* [Exercise details]: Give the lines below again, exactly as they stand, and leave out the images.

* [Information provided]:
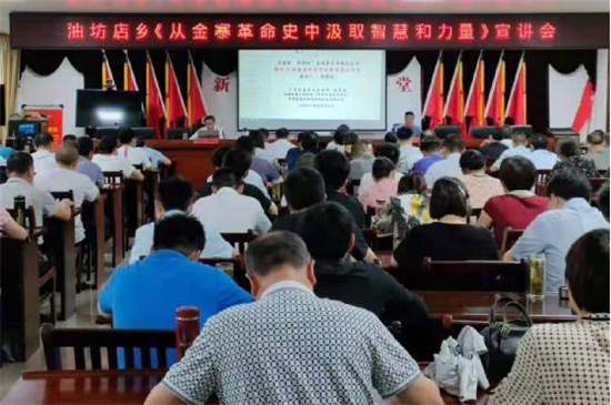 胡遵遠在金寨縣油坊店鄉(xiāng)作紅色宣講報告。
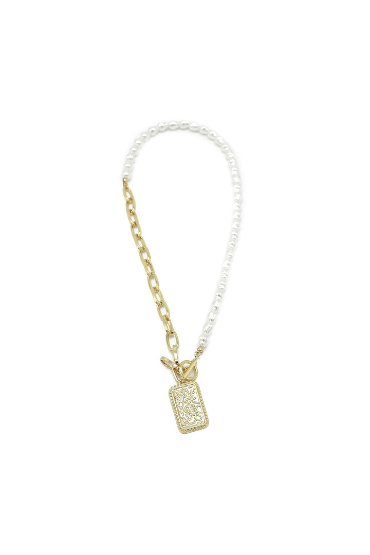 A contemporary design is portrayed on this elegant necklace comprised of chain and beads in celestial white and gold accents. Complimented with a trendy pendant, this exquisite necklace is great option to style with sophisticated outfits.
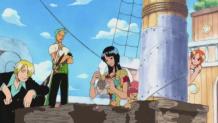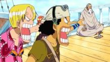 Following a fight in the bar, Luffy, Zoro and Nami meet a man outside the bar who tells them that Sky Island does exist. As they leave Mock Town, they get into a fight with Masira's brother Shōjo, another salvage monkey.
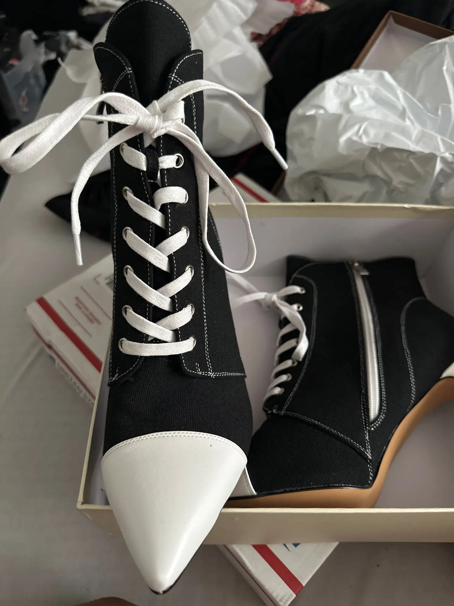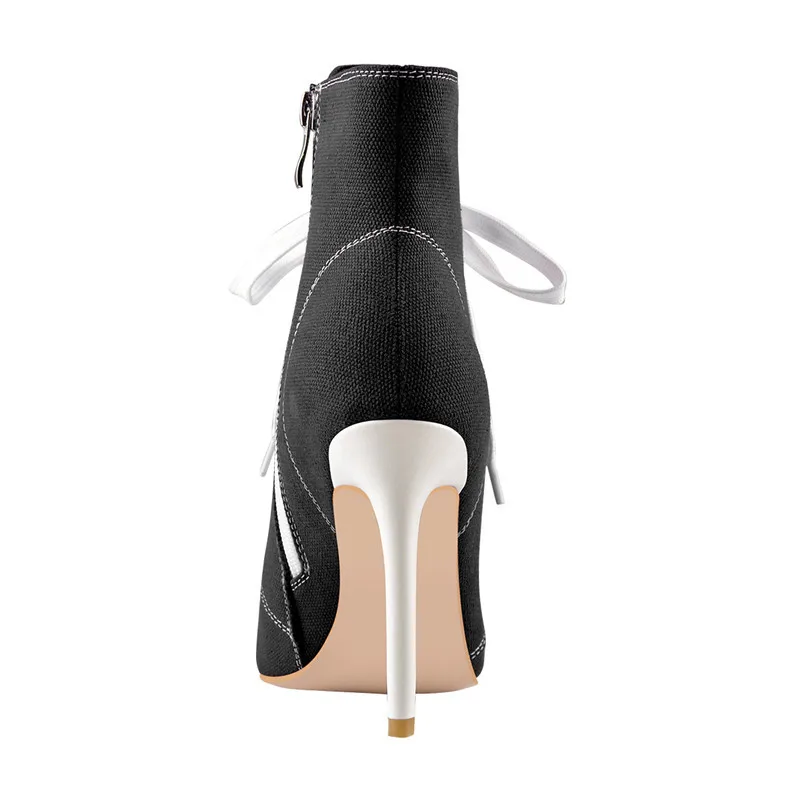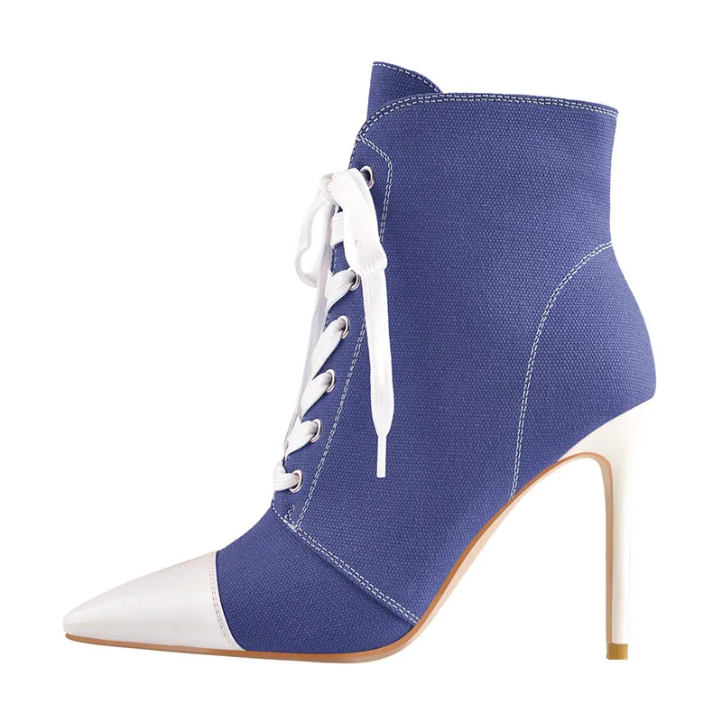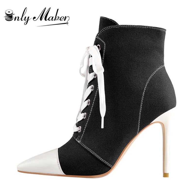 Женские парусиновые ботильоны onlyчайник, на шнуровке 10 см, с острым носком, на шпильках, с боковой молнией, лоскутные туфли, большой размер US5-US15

* [Solution to this task]:
 胡遵遠在金寨縣油坊店鄉(xiāng)作紅色宣講報告。
 A contemporary design is portrayed on this elegant necklace comprised of chain and beads in celestial white and gold accents. Complimented with a trendy pendant, this exquisite necklace is great option to style with sophisticated outfits.
 Following a fight in the bar, Luffy, Zoro and Nami meet a man outside the bar who tells them that Sky Island does exist. As they leave Mock Town, they get into a fight with Masira's brother Shōjo, another salvage monkey.
 Женские парусиновые ботильоны onlyчайник, на шнуровке 10 см, с острым носком, на шпильках, с боковой молнией, лоскутные туфли, большой размер US5-US15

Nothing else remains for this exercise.